Given fraction is $\dfrac{3-2\sqrt2}{3+2\sqrt2}$. These types of questions can be easily solved, if we rationalise their denominator.

Here,

$\implies \dfrac{3 - 2 \sqrt{2} }{3 + 2 \sqrt{2} }$

By Rationalisation ( multiply and dividing the fraction by the original denominator with opposite sign so that they satisfy the formula ( a - b )( a + b ) = a^2 - b^2.

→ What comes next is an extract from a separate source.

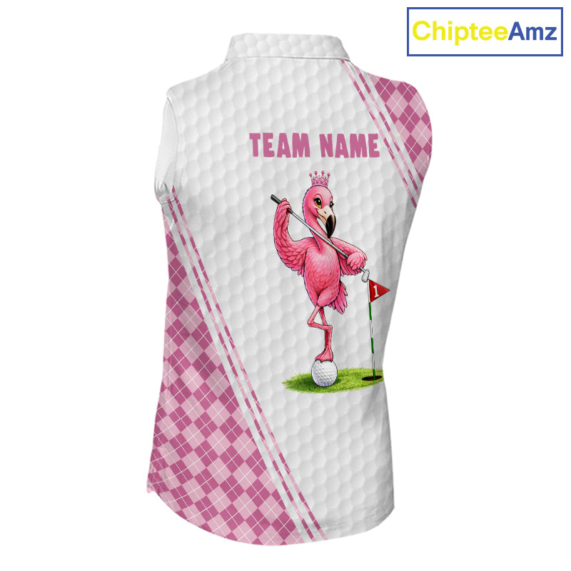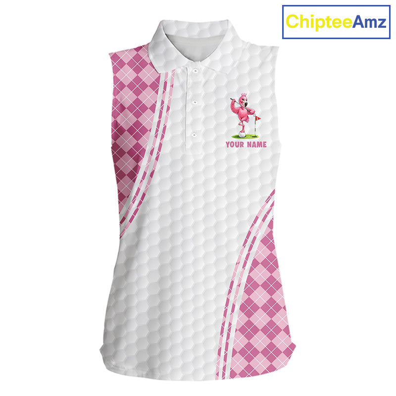 Funny Womens Golf Sleeveless Polo Shirt Custom Crown Flamingo Pink Argyle Pattern Golf Clothing Shirts NYN2876

$\implies \dfrac{3 - 2 \sqrt{2} }{3 + 2 \sqrt{2} } \times \dfrac{3 - 2 \sqrt{2} }{3 - 2 \sqrt{2} } \\ \\ \implies \dfrac{(3 - 2 \sqrt{2})(3 - 2 \sqrt{2} )}{(3 + 2 \sqrt{2})(3 - 2 \sqrt{2} )}$

From the properties of expansion : -

• ( a + b )( a + b ) = ( a + b )^2 = a^2 + b^2 + 2ab
• ( a + b )( a - b ) = a^2 - b^2

Thus,

$\implies \dfrac{(3{}^{} - 2 \sqrt{2}) {}^{2} }{(3) {}^{2} - (2 \sqrt{2} ) {}^{2} } \\ \\ \implies \dfrac{9 + 8 - 12 \sqrt{2} }{9 - 8} \\ \\ \implies \dfrac{17 - 12 \sqrt{2} }{1}$

Hence the required value of ( 3 - 2√2 ) / ( 3 + 2√2 ) is 17 - 12√2.